---
title: "Evidence"
description: "One big difference in the coverage was the evidence. Gore is saddled with a long public record. Bush is not. Or, at the very least, Bush&#8217;s record requires more original reporting to dig out. Nearly half of all the assertions about Gore (46%) were based on his public record, including his campaign fundraising. In contrast, [&hellip;]"
date: "2000-07-27"
authors:
  - name: "Benjamin Wormald"
url: "https://www.pewresearch.org/journalism/2000/07/27/evidence/"
---

# Evidence

One big difference in the coverage was the evidence.

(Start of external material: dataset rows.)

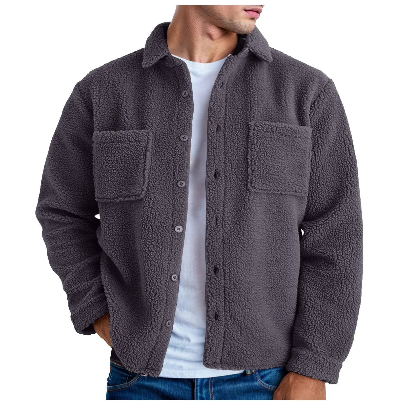 Men’s Autumn/Winter Loose Button Lapel Solid Color Cardigan Jacket Plush Jacket
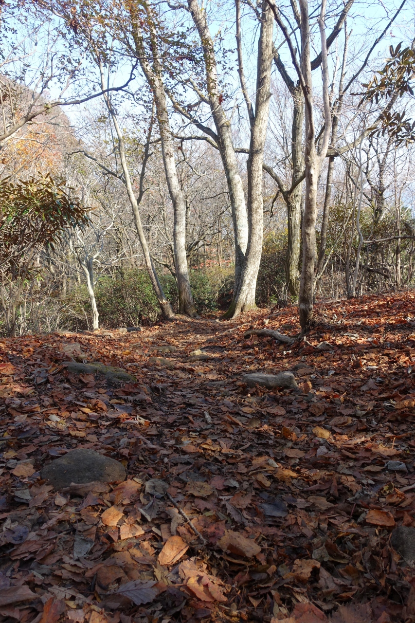 5分ほど休憩し、南峰経由で下山開始です。ところが、下りも急坂です。南峰はロッククライミングって感じですね。
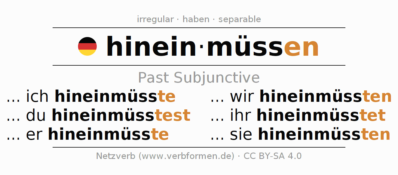 The verb hineinmüssen fully conjugated in all persons and numbers in the Subjunctive Imperfect

Gore is saddled with a long public record. Bush is not. Or, at the very least, Bush's record requires more original reporting to dig out.

Nearly half of all the assertions about Gore (46%) were based on his public record, including his campaign fundraising. In contrast, only one in ten of the statements about Bush's character studied here (11%) was tied to his record.

The assertions about Bush were usually based on something softer, or at least more under his control. More than a third (34%) had to do with how he ran his campaign or the policy stances he had put forward as part of it.

Another quarter of the assertions about Bush (25%) cited no evidence. In contrast, only 15% of the Gore assertions were unsupported.

This suggests that Bush can still run as a persona of his own creation to a much greater extent than Gore.